Comparison of the versine function with three approximations to the versine functions, for angles ranging from 0 to 2π

Comparison of the versine function with three approximations to the versine functions, for angles ranging from 0 to π/2

When the versine v is small in comparison to the radius r, it may be approximated from the half-chord length L (the distance AC shown above) by the formula
$$v \approx \frac{L^2}{2r}.$$

Alternatively, if the versine is small and the versine, radius, and half-chord length are known, they may be used to estimate the arc length s (AD in the figure above) by the formula
$$s\approx L+\frac{v^2}{r}$$
This formula was known to the Chinese mathematician Shen Kuo, and a more accurate formula also involving the sagitta was developed two centuries later by Guo Shoujing.

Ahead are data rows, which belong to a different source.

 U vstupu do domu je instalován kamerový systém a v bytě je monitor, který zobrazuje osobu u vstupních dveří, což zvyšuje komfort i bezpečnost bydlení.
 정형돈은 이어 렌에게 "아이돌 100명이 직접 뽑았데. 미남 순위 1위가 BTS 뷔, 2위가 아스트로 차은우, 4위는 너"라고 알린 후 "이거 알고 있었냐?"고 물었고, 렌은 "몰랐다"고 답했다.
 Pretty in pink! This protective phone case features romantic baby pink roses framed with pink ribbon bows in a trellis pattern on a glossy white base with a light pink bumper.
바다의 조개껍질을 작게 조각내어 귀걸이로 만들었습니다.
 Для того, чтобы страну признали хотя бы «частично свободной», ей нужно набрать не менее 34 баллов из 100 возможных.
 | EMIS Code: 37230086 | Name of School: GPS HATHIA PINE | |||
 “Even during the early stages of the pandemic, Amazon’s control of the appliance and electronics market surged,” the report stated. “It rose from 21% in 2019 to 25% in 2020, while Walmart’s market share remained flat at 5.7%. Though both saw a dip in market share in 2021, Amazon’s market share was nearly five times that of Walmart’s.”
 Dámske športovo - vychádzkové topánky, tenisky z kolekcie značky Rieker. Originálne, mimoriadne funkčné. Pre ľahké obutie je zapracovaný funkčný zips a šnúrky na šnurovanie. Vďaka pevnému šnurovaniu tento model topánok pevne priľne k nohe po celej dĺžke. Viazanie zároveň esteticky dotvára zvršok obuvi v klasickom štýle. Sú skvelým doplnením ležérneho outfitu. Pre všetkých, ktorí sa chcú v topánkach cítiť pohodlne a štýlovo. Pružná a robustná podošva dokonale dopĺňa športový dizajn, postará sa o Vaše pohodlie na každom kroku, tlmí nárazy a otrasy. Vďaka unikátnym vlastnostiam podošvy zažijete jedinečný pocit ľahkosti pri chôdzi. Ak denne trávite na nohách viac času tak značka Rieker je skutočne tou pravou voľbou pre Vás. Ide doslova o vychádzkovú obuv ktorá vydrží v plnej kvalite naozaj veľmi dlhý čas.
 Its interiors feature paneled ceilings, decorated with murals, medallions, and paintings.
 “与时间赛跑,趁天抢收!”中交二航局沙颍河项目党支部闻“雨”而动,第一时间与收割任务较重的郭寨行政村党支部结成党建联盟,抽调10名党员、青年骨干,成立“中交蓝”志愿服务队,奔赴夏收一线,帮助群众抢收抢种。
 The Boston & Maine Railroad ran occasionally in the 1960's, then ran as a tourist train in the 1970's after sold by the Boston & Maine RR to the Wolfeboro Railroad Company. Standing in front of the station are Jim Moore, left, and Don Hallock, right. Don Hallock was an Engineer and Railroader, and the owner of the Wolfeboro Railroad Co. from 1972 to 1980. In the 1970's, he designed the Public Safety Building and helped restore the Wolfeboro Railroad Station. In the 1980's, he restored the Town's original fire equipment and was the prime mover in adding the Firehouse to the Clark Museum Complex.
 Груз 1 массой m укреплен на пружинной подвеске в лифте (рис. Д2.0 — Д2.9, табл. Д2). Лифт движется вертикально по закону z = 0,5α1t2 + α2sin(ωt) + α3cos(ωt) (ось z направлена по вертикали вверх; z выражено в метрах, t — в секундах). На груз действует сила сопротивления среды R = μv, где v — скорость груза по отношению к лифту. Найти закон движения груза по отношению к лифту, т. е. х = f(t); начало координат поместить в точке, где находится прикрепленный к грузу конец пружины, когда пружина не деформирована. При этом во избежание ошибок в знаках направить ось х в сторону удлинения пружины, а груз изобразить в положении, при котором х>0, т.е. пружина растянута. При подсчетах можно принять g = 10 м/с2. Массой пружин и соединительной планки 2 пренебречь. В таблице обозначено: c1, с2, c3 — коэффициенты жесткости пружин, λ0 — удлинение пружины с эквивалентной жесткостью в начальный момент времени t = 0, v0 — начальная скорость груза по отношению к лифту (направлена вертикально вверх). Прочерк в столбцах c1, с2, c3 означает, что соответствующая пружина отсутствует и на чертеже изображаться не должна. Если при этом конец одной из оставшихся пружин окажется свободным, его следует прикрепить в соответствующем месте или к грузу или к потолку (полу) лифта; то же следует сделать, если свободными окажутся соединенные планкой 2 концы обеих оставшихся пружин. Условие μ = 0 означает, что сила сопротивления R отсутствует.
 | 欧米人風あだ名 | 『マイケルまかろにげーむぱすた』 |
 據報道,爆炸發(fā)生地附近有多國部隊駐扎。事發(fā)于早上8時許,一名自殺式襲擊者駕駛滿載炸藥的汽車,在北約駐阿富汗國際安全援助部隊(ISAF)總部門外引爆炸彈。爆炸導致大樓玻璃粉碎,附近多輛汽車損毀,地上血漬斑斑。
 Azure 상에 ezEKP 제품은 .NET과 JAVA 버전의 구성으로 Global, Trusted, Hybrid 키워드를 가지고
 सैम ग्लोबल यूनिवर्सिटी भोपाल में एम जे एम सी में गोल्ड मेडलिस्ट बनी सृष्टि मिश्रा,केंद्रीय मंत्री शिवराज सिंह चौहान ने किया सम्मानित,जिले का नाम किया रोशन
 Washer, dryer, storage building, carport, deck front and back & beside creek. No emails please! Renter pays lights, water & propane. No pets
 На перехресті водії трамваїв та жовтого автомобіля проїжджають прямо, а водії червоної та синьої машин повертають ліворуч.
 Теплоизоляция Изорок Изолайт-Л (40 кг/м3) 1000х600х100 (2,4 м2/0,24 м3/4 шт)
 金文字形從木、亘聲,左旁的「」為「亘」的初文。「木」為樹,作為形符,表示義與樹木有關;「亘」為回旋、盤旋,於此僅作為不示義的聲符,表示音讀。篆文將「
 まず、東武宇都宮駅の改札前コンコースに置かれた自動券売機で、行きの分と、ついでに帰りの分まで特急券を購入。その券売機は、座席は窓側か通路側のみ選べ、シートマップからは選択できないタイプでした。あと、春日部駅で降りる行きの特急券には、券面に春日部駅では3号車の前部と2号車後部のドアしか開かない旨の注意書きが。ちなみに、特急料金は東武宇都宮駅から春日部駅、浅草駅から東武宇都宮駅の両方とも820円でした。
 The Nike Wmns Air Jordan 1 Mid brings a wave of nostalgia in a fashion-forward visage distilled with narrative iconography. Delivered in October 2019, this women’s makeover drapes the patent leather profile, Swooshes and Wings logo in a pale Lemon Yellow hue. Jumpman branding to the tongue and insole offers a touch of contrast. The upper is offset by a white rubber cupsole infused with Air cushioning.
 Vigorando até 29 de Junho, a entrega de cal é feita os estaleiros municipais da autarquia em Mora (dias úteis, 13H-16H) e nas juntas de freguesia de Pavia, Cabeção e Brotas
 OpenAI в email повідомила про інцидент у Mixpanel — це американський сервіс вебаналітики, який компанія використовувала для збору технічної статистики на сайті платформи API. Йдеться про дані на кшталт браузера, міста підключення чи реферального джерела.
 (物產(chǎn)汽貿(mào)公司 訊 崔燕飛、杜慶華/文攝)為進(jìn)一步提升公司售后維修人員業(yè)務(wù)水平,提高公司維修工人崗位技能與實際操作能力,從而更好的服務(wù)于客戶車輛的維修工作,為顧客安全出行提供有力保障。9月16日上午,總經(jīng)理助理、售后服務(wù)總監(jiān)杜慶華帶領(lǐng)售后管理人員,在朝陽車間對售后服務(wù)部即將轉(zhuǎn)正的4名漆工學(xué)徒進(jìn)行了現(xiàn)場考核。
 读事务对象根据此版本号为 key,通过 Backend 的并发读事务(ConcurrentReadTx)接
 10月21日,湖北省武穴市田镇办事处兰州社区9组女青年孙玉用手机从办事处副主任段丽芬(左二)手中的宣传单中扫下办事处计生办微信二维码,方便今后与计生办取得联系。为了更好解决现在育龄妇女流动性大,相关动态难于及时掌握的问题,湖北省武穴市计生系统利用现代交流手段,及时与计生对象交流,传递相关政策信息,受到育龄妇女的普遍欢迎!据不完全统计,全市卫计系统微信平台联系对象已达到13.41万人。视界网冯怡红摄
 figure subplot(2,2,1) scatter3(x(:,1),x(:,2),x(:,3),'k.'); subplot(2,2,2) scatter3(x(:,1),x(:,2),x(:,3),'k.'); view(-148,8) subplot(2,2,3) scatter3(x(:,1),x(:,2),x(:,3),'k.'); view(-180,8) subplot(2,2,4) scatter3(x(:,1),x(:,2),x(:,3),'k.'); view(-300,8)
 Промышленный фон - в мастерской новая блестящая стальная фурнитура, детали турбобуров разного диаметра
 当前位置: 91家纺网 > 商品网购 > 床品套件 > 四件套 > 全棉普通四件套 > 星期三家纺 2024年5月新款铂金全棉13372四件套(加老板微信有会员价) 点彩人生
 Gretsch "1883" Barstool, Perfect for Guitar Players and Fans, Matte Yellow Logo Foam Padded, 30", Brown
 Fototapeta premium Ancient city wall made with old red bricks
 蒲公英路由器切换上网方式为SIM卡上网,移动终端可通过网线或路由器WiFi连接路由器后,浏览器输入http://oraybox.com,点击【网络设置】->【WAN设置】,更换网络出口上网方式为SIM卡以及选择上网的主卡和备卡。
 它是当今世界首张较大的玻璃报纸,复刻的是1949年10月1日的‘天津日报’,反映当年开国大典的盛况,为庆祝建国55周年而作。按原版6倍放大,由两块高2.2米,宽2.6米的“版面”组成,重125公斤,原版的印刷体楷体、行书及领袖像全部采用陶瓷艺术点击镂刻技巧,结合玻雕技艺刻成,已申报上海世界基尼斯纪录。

A more accurate approximation used in engineering is
$$v\approx \frac{s^\frac{3}{2} L^\frac{1}{2}}{8r}$$

==Arbitrary curves and chords==
The term versine is also sometimes used to describe deviations from straightness in an arbitrary planar curve, of which the above circle is a special case. Given a chord between two points in a curve, the perpendicular distance v from the chord to the curve (usually at the chord midpoint) is called a versine measurement. For a straight line, the versine of any chord is zero, so this measurement characterizes the straightness of the curve. In the limit as the chord length L goes to zero, the ratio 8v/L^{2} goes to the instantaneous curvature. This usage is especially common in rail transport, where it describes measurements of the straightness of the rail tracks and it is the basis of the Hallade method for rail surveying.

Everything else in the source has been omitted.